#### Task details
Would you output all the lines below precisely as they stand, leaving each picture out?

#### Information provided
_ _ _

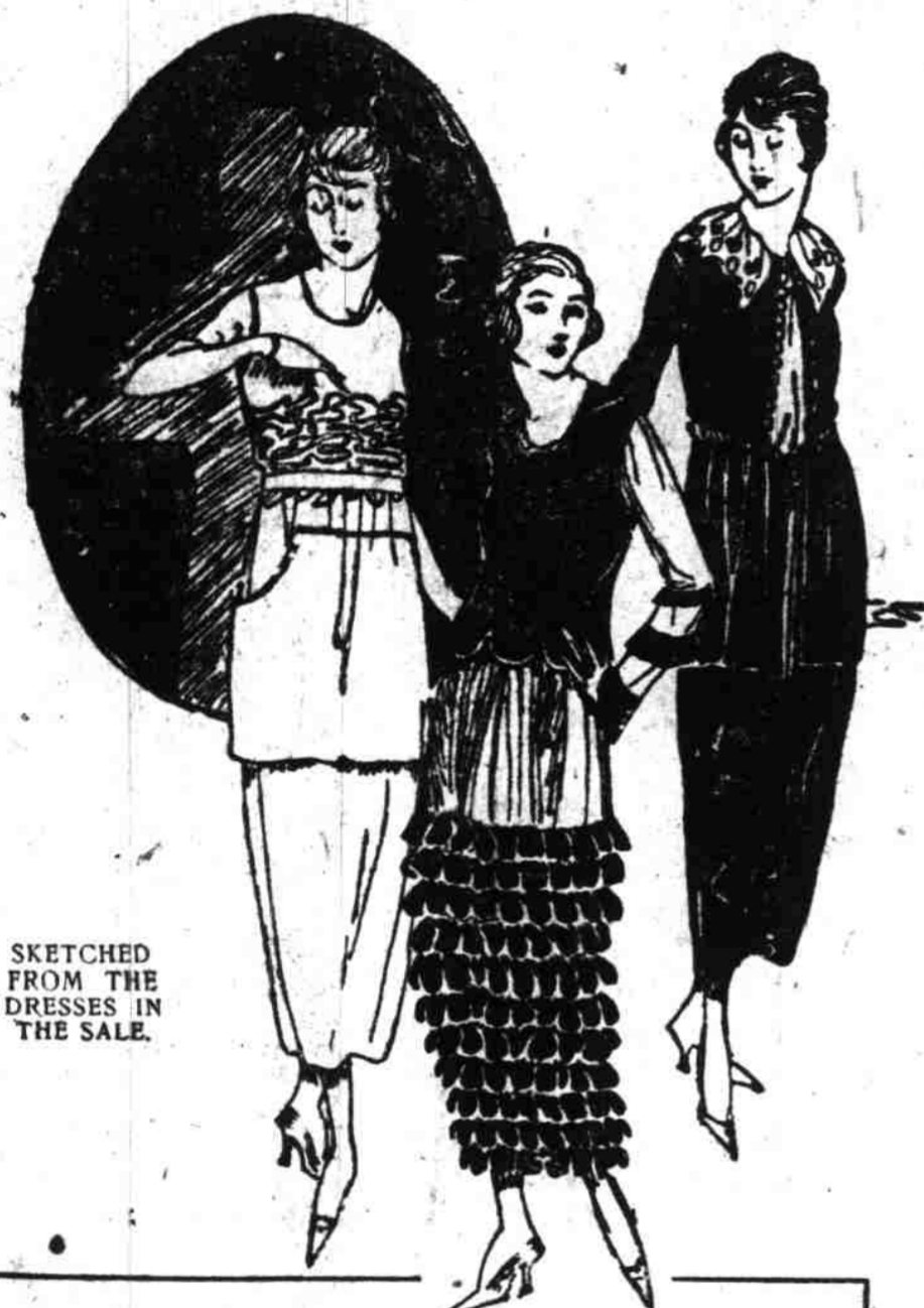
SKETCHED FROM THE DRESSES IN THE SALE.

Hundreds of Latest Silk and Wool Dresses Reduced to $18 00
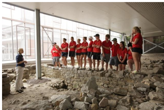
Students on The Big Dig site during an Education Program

_ _ _

#### Exercise response
SKETCHED FROM THE DRESSES IN THE SALE.

Hundreds of Latest Silk and Wool Dresses Reduced to $18 00
Students on The Big Dig site during an Education Program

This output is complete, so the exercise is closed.